» **COLLECTED DATA**
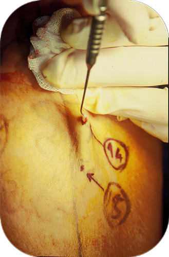 Elles siègent très superficiellement sur la partie interne du haut de la cuisse (photos 1 et 2) , d’un seul côté ou des deux,sont souvent multiples et très sinueuses Elles communiquent directement avec le réseau veineux intra-pelvien par des veines dites honteuses internes ou par des veines venant de l’utérus et seulement très indirectement avec les varices ovariennes du SCCP. Qu’elles soient associées ou non à celui-ci, la technique la plus simple et la plus rapide pour les enlever, de surcroit la plus esthétique et dont les suites sont simples et sans douleurs, est la phlébectomie. Ce geste chirurgical permet, via des incisons millimétriques ne laissant généralement aucune trace, de les enlever ponctuellement une par une à l’aide d’un petit crochet adapté (photo 4). Un repérage avec marquage préopératoire (photo 3) est indispensable pour n’en oublier aucune. L’opération est ambulatoire, le plus souvent menée sous anesthésie locale, les complications (petits saignements) bénignes et rares.
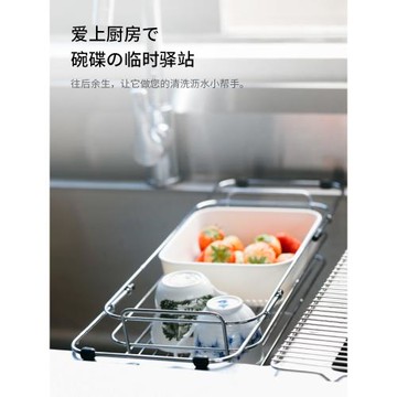【慢慢家居】304不鏽鋼-可伸縮廚房水槽雙層瀝水架 (碗盤瀝水架 水槽收納架)
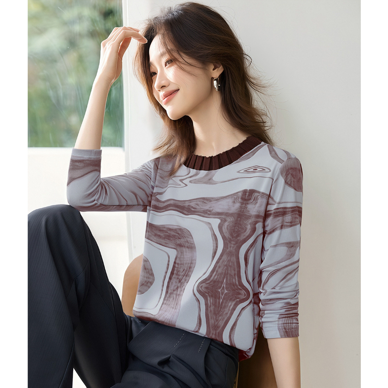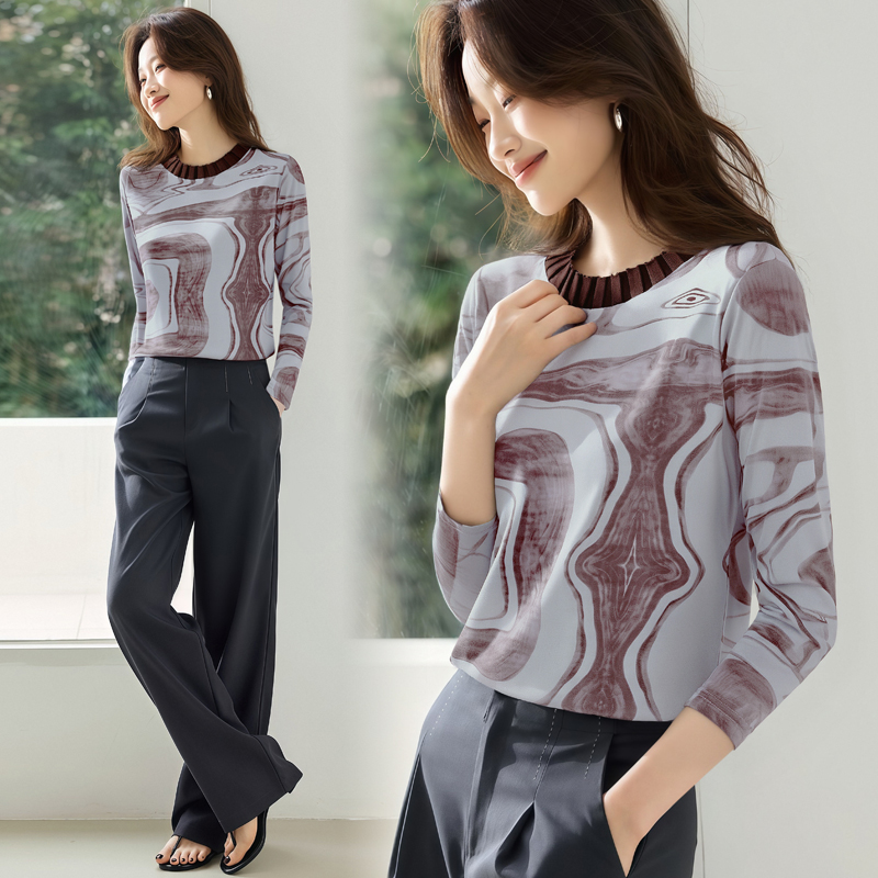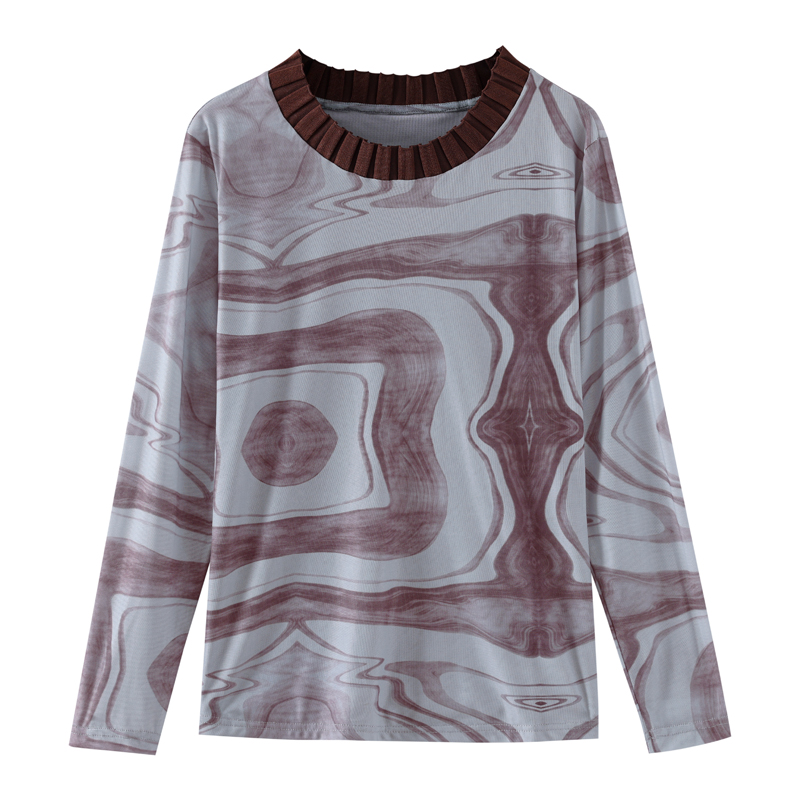 FA55695# 长袖设计感宽松套头上衣女秋新款韩国网印花圆领T恤 服裝批發女裝批發服飾貨源

» **TASK DIRECTIONS**
Faithful copy, images left out: write out every line of data.

» **REPLY TO THE EXERCISE**
 Elles siègent très superficiellement sur la partie interne du haut de la cuisse (photos 1 et 2) , d’un seul côté ou des deux,sont souvent multiples et très sinueuses Elles communiquent directement avec le réseau veineux intra-pelvien par des veines dites honteuses internes ou par des veines venant de l’utérus et seulement très indirectement avec les varices ovariennes du SCCP. Qu’elles soient associées ou non à celui-ci, la technique la plus simple et la plus rapide pour les enlever, de surcroit la plus esthétique et dont les suites sont simples et sans douleurs, est la phlébectomie. Ce geste chirurgical permet, via des incisons millimétriques ne laissant généralement aucune trace, de les enlever ponctuellement une par une à l’aide d’un petit crochet adapté (photo 4). Un repérage avec marquage préopératoire (photo 3) est indispensable pour n’en oublier aucune. L’opération est ambulatoire, le plus souvent menée sous anesthésie locale, les complications (petits saignements) bénignes et rares.
【慢慢家居】304不鏽鋼-可伸縮廚房水槽雙層瀝水架 (碗盤瀝水架 水槽收納架)
 FA55695# 长袖设计感宽松套头上衣女秋新款韩国网印花圆领T恤 服裝批發女裝批發服飾貨源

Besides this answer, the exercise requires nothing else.